The cluster analysis showed that the individuals of the Piartal   quinoa    material    were    grouped    mainly   by morphological characteristics associated with plant height, panicle length, pigmented axillae, and leaf characteristics, as reported by Morillo et al. (2020); the clusters showed a lax distribution of the materials with an association of the characteristics presence or absence of striae, growth habit, color, shape, length and diameter of the panicle, seed/plant yield and weight of 1000 grains, results that were consistent with morphological characterization studies on quinoa (Curti et al., 2014, Infante et al., 2018, Farooq et al., 2018).

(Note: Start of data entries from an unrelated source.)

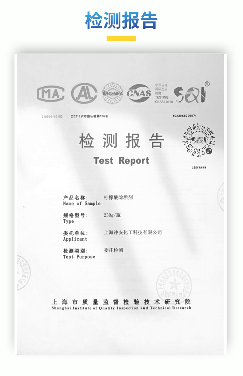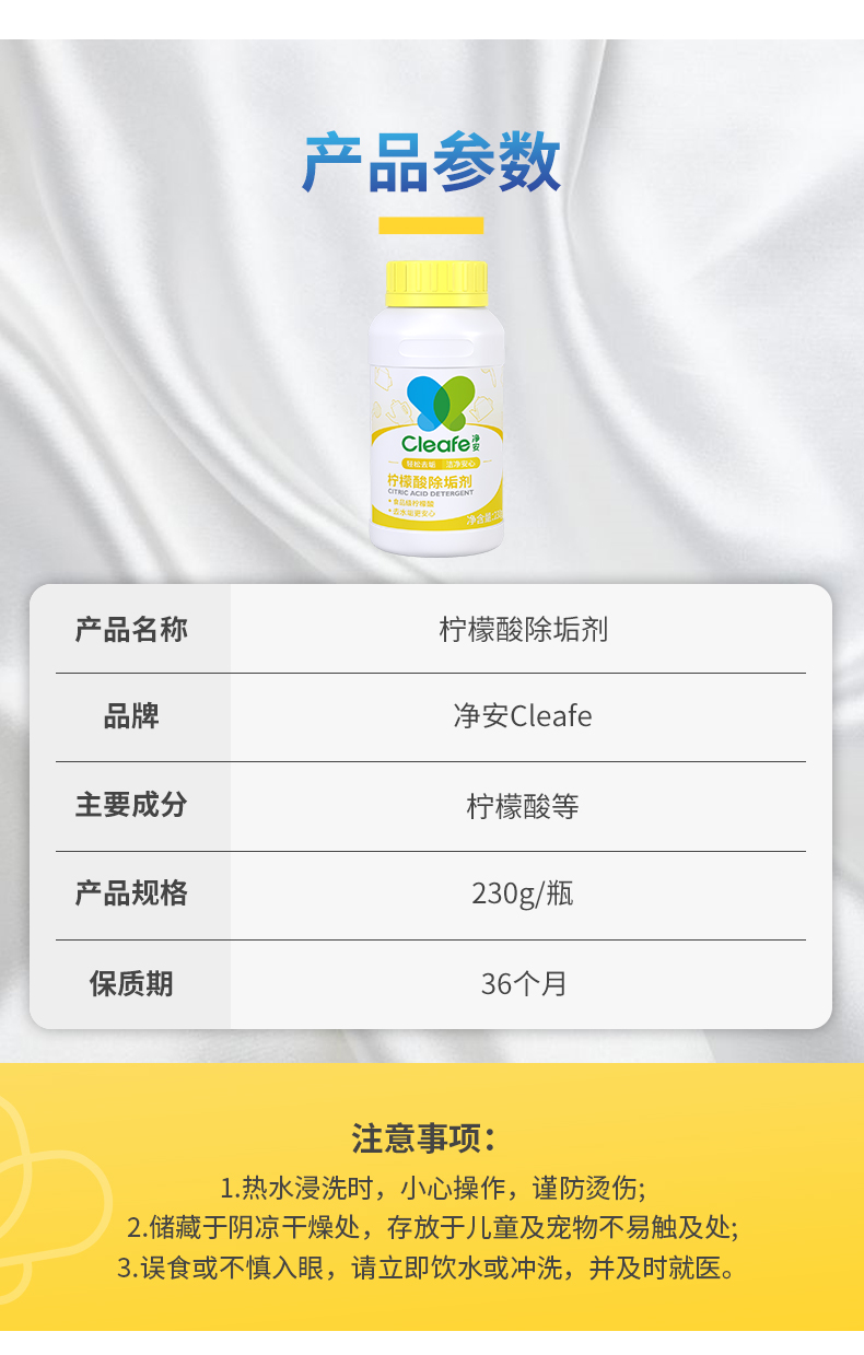 商品名称:净安柠檬酸除垢剂230g(单位:瓶)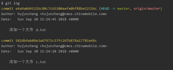 分别添加c.txt 和 d.txt两个文件,分别进行add、commit、push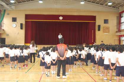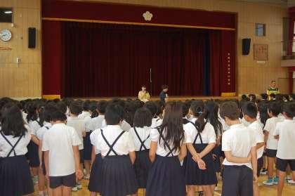 今日の朝礼では、今週土曜日に行われます「見守り隊との交流会」に向けて、2回目の練習がありました。よびかけ練習を中心に行われ、特に、全校児童で「ありがとうございました。」と御礼の言葉をいうところでは、声をそろえて、気持ちをこめていえるよう念入りに繰り返し練習をしました。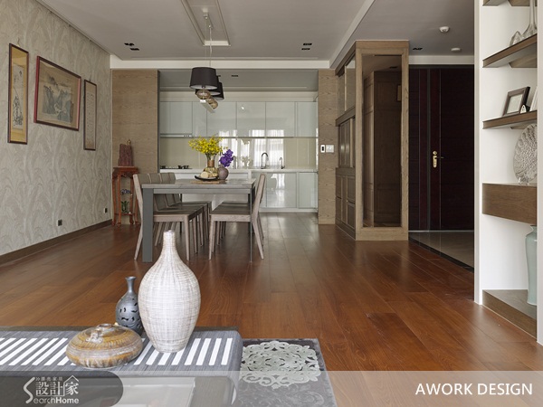 02 字畫背後的空間看似與客廳區隔,實則可藉由收攏移動式木牆、玻璃門,開放出此空間,讓屋主得以視情況需要自由更動
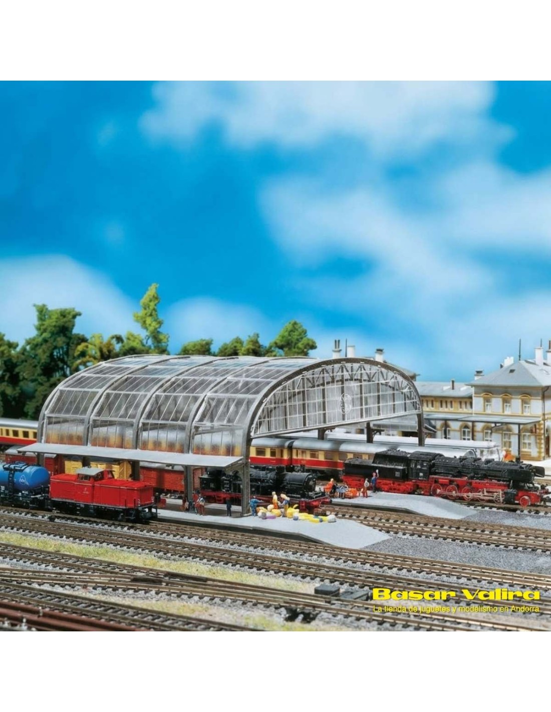 Aquest andana amb vidriera és una peça arquitectònica elegant per a estacions clàssiques. Enforteix la identitat visual dels primers ferrocarrils.
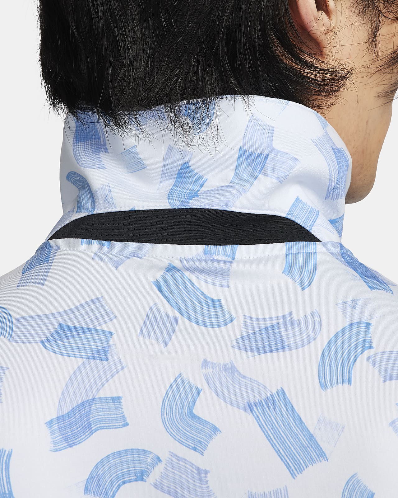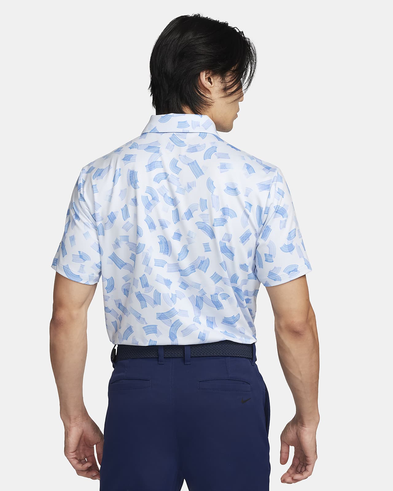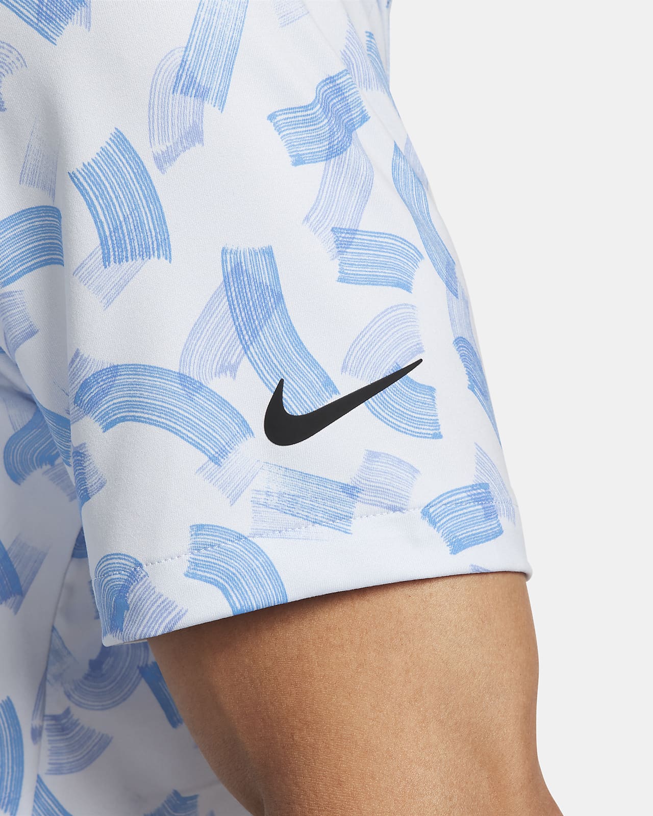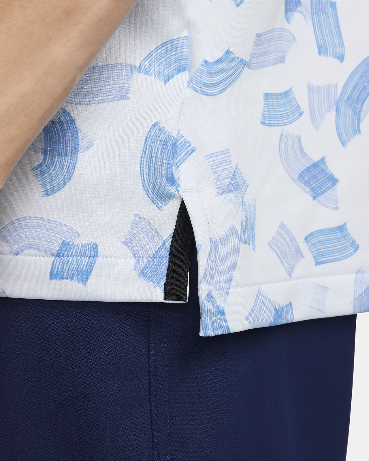 Focus on what matters, and never worry about what to wear with the Nike Tour Polo. Stretchy, sweat-wicking fabric with an odor-resistant finish helps you stay fresh through all 18 holes. It's extra breathable around the collar for cooling comfort. The print is inspired by the textures we see on the course—from rake lines to clumps of sand out of the bunkers. Just avoid the real thing, if you can.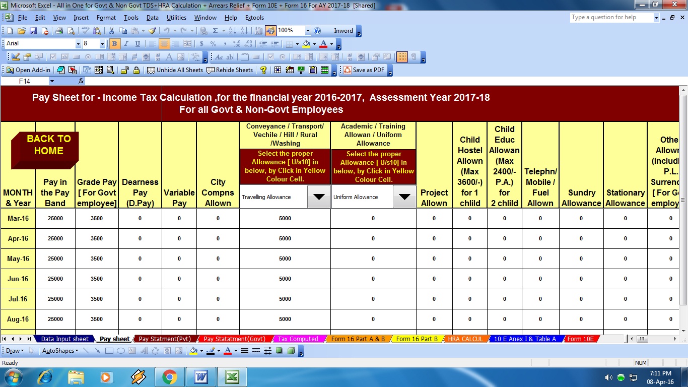Download All in One TDS on Salary for Govt & Non Govt employees for F.Y.2016-17 and A.Y.2017-18 [This Excel utility can prepare at a time Tax Computed Sheet + Individual Salary Sheet + Automatic Arrears Relief Calculator U/s 89(1) with Form 10E + Automatic H.R.A. Calculation U/s 10(13A) + Automated Form 16 Part A&B and Form 16 Part B for F.Y.2016-17 as per the Finance Budget 2016]

In this study, as in study by Morillo et al. (2020), no groupings were observed according to the site of origin of the materials, as observed when evaluating the intra and inter-population phenotypic variation in seven quinoa populations from the Bolivian altiplano, in which the morpho-phenological markers separated the quinoa from the most limiting sectors for agriculture (southern plateau and cold zones of the northern plateau) from quinoa cultivated in more temperate zones (Del Castillo and Winkel, 2014). These results are consistent with that reported by Farooq et al. (2018) where all quinoa accessions showed good growth in subtropical and semi-arid climatic conditions in Pakistan. In addition, the studies carried out by Noulas et al. (2017) demonstrated not only the wide adaptation of quinoa materials to the agroclimatological conditions of Greece but also the variation of quinoa phenotypic characteristics according to the environment.

The morphoagronomic characterization of the Piartal quinoa materials in the five evaluated municipalities showed high intrapopulation phenotypic variability that depended on the agroclimatological conditions of each site (Infante et al., 2018; Morillo et al., 2020), mainly as the result of the fact that quinoa is a rustic crop with broad agroecological adaptation that can tolerate different types of stress and that is a food security crop for the Andean community since with farmers who have maintained and selected seeds for generations (Alvarez et al., 2018). However, the presence of morphotypes in quinoa crops is not a desirable condition since it means that there are still no pure materials or local varieties but only materials in the process of domestication, which is a limitation for the implementation of cultivation technologies. For example, populations can have differences in the maturity stage of the plants, which can complicate uniform agronomic management. In addition, the size and color of the seeds are different between materials and within each material, which prevents the development of machinery for threshing processes as has been done for cereals with uniform grain sizes and diameters.

 

 

 


 CONCLUSION

The morphoagronomic evaluation of the intraspecific variation of the Piartal quinoa material in the  Department of Boyacá showed a wide segregation of the phenotypic characteristics especially related to the color of different plant structures. This variation that occurs at the inter-individual level in farmers' fields, in the materials that they plant and select cycle after cycle is not desirable, since it reduces the quality and profitability of the crop, and also suggests selection and purification processes efficient that lead to obtaining "pure" materials with better yields and adapted to local conditions.

 


 CONFLICT OF INTERESTS

The authors have not declared any conflict of interests.


 ACKNOWLEDGMENTS

The authors send their appreciation to “Patrimonio Autónomo Fondo Nacional de Financiamiento para la Ciencia, la Tecnología y la Innovación Francisco José de Caldas- MinCiencias. Cód. 63924”.